TypeScript: To Be or Not To Be


I’ve been having an ongoing convo with some of my colleagues (e.g.) at Infragistics about TypeScript as of late. Now by way of preface, I started my professional programming career in ASP, have done more than my fair share of ASP.NET, was an ASP/ASP.NET MVP for years, and an ASPInsider for even longer, so let’s just say I’ve had a ringside seat, as it were, to Microsoft DevDiv’s relationship with the Web over the years. That said, for the last few years, I’ve been more focused on UX and the broader Web community at large, and I’ve spent a lot more time coming at Web dev from the non-MS perspective. So my angle in the discussion is something of a friendly Devil’s advocate.

Let me start by saying that Microsoft wins the overall dev productivity competition hands down. Visual Studio is an absolutely top-notch, amazing IDE, and there really is nothing that can compete with it in the overall category. On top of that, Microsoft has produced some top shelf Web dev tooling over the years. There really is no doubt about that, but there is always room for improvement.

The Web, in particular, presents a very challenging, wild-west environment for tooling. The technologies in themselves don’t lend themselves well to that, and there are all sorts of hacks and workarounds to address the problem, including some produced by Microsoft. To be a guru in Web dev requires mastery of so many different moving pieces and nuances, multiple, not-very-well-defined languages, innumerable libraries and frameworks, and a vast number of potential runtime environments. It’s a hard egg to crack when it comes to productivity tools, not to mention just general dev productivity, defined as time spent actively producing value-adding software assets.

The Problems for TypeScript

Unfortunately, TypeScript comes across as a sort of “here, let me fix that for you” in the broader JavaScript world.

The problem is exacerbated because some advocates of TypeScript position it as “better” than what everyone else is doing. They say things like, “it’s for ‘large scale’, ‘complex'” apps. Heck, even the homepage says it in big bold letters: “TypeScript is a language for application-scale JavaScript development.” In other words, Rest of World, all those apps you’ve been making with JavaScript for years without TypeScript are puny, simplistic, toy apps.

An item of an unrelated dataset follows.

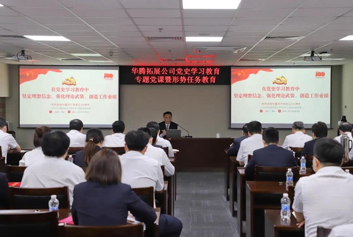 5月10日,开云网页版界面·开云(中国)总经理助理,华腾拓展公司党总支书记、董事长李泳以《在党史学习教育中坚定理想信念、强化理论武装、创造工作业绩》为题,向全体党员及职工代表讲授党史学习教育专题党课。

I am Locutus of BorgThere’s also an undercurrent of fear of assimilation–oh great, the Borg have discovered JavaScript. Microsoft has at least partially earned that sentiment over the years, even if it is exaggerated by most critics, and even if all the great folks producing the technology themselves are not to blame. Trust me; I’ve known many of them, and they really aren’t agents of evil any more than you or I. I promise!

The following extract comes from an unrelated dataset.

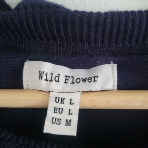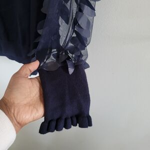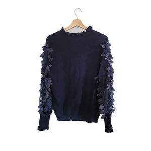 WILDFLOWERS Sweater With Sheer Petal Applique Sleeves Ruffle Trim Size L

In any case, these perceptions are compounded due to various other biases and prejudices against Microsoft, however well or ill founded those may be for any given individual. All that stacks up to a lot working against TypeScript, certainly more than basically any other individual or organization creating a similar solution would face. And then you have folks who:

  • are just against any sort of preprocessor (WTF!?)
  • really prefer dynamic over static (for whatever reasons)
  • feel like this is just one more thing to learn
  • are fans of one of the existing quasi-competing solutions
  • are well invested in an alternative solution
  • are worried about adopting a niche technology, when the whole point of the Web is openness and interoperability


Measuring adoption and market share is always challenging, especially with the Web. However, here are some indicators around TypeScript.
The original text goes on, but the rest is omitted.